- **Task objective**:
In the material below, find the line containing "Anthropologie Pilcro crocheted" and the line containing "Ideal for seniors, individuals". Output those two lines and all lines between them exactly, without pictures.

- **Exercise materials**:
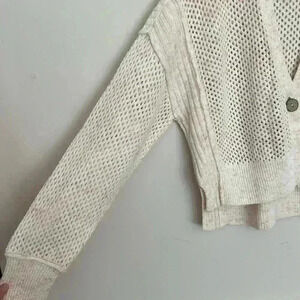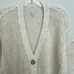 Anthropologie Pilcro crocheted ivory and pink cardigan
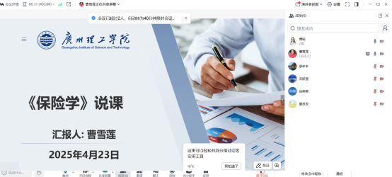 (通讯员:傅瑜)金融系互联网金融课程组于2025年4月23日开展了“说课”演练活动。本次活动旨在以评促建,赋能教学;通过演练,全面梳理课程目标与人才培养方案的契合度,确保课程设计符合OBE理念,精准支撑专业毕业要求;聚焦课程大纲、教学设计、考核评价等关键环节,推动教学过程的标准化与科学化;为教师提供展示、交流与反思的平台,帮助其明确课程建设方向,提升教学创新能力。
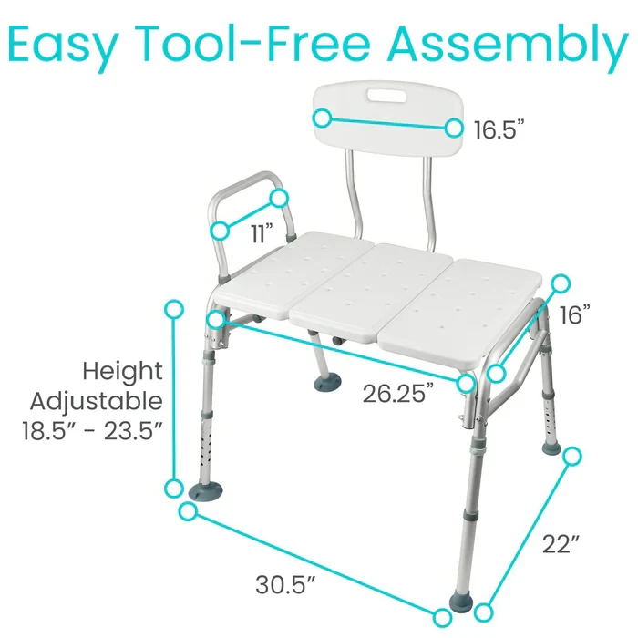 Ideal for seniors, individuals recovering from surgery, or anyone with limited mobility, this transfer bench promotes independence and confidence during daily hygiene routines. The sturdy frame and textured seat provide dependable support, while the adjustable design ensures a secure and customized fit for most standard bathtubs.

---

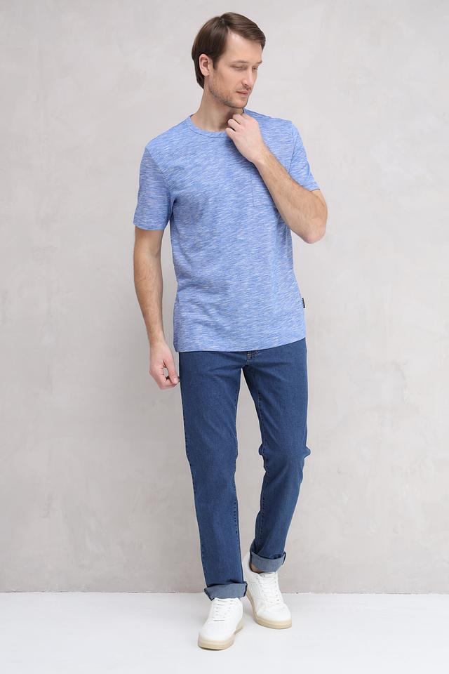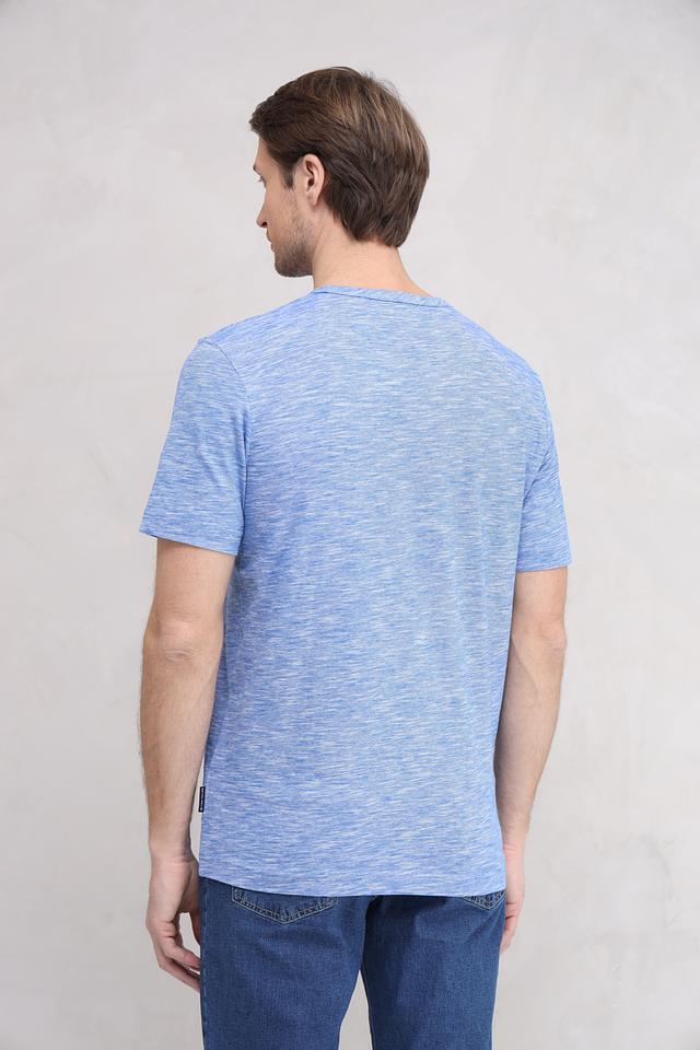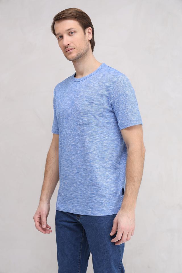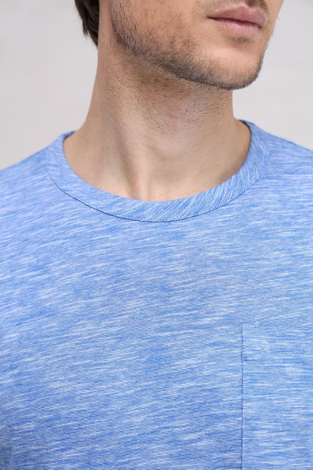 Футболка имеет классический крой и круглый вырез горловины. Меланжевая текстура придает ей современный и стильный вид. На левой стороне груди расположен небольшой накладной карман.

---

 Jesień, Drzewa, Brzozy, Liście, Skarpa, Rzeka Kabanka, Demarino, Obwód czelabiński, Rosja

- **Exercise solution**:
 Anthropologie Pilcro crocheted ivory and pink cardigan
 (通讯员:傅瑜)金融系互联网金融课程组于2025年4月23日开展了“说课”演练活动。本次活动旨在以评促建,赋能教学;通过演练,全面梳理课程目标与人才培养方案的契合度,确保课程设计符合OBE理念,精准支撑专业毕业要求;聚焦课程大纲、教学设计、考核评价等关键环节,推动教学过程的标准化与科学化;为教师提供展示、交流与反思的平台,帮助其明确课程建设方向,提升教学创新能力。
 Ideal for seniors, individuals recovering from surgery, or anyone with limited mobility, this transfer bench promotes independence and confidence during daily hygiene routines. The sturdy frame and textured seat provide dependable support, while the adjustable design ensures a secure and customized fit for most standard bathtubs.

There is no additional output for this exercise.